A strong leader is not one who enforces conformity and loyalty to his personality. A strong leader instills loyalty to principles, not personality. A strong leader is strong enough within, to allow the clash of differing opinions around her.
The history of the human race is the history of ever expanding circles of complexity, diversity, and collaboration. It is the expansion of commerce and influence based on trust. Building walls to keep out those who are different or those who are in need is not only contrary to the American tradition, it contradicts the inevitable march of human history. No matter what any individual or politician thinks or fears, we are moving toward an age in which national borders have little meaning as our economies merge into one global economy. This leader recognizes that the game of commerce is nonzero-sum, not a zero-sum game. Global collaboration has not weakened any country. It has led to an increase in aggregate wealth and reduction of conflicts.

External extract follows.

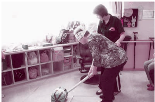
高校生が作った「スイカ」でスイカわり

利用者のみなさんも若い高校生の参加を心から喜び、昔、大工さんをしていた利用者の方は、建築関係に進学が決まっている子と話が弾み、人生のアドバイスをするなど、会話をする表情もいきいきとしていました。夏祭り当日も積極的に利用者の方々と関わり、夏祭りを盛り上げ、利用者のみなさんいつも以上にいきいきとして、笑顔がはじけていました。高校生のみなさんも、「楽しかった」と口々に話し、貴重な体験ができ、普段撮ることのないまぶしい笑顔の写真を撮ることができたと言っていました。また「声かけてくれたら、集まりますから」と、その後も定期的に授業が終わった放課後、手伝いに来てくれます。

During our last elections both candidates campaigned against the Trans Pacific Partnership trying to appeal to those who fear globalization. That partnership would have opened markets to U.S. farmers and manufacturers that until now have been closed. Having withdrawn from that, Japan has led the renegotiation among the remaining eleven countries and this partnership will be signed in March, leaving the United States to be excluded. Today Japan signed a trade agreement with the European Union. The United States is being left out in the cold, by our own ill conceived choice. Our withdrawal has been a gift to competitors as we have disadvantaged ourselves. At the same time our farmers have seen a collapse of soy bean and other commodity futures as we have created a tariff war that will inevitably damage our own economy by increasing costs and reducing opportunities for expansion.
The imperative of unity is not only in international affairs. It equally true within companies. Some years ago, I was conducting a workshop at Intel with the senior management team. I watched as Any Grove, the legendary founder and CEO made a statement, to be followed by a young manager who raised his hand and said “Andy, you keep saying that, and it keeps being wrong”, an astonishing statement by an audacious young manager to a legendary and powerful CEO. I watched as Andy turned around in his seat and said “OK, what do the rest of you think”, and for twenty minutes I lost control of my workshop.
I stood there in awe of the frankness and honesty of the conversation, true dialogue, and I realized that this young and audacious manager must have known that he was not ruining his career by challenging Andy Grove in an open forum. Why? Andy Grove was a scientist, a physicist, and the company had been built on science, intellectual inquiry, and this is what Andy Grove valued most. He didn’t value subservience or obedience, the certain signs of a weak and fearful leader. He valued the pursuit of truth that comes from intellectual challenge! This is leadership in the knowledge age.
The ability to lead frank and honest dialogue leads to unity of understanding, unity of thought, unity of energy and effort. This is the task of the leader and it is what is needed most in our companies, our country, and our world. We need to find and elect leaders who are devoted to principles, not promoting their personality. We need leaders strong enough to listen and learn, to engage in the nonzero game of world commerce and culture.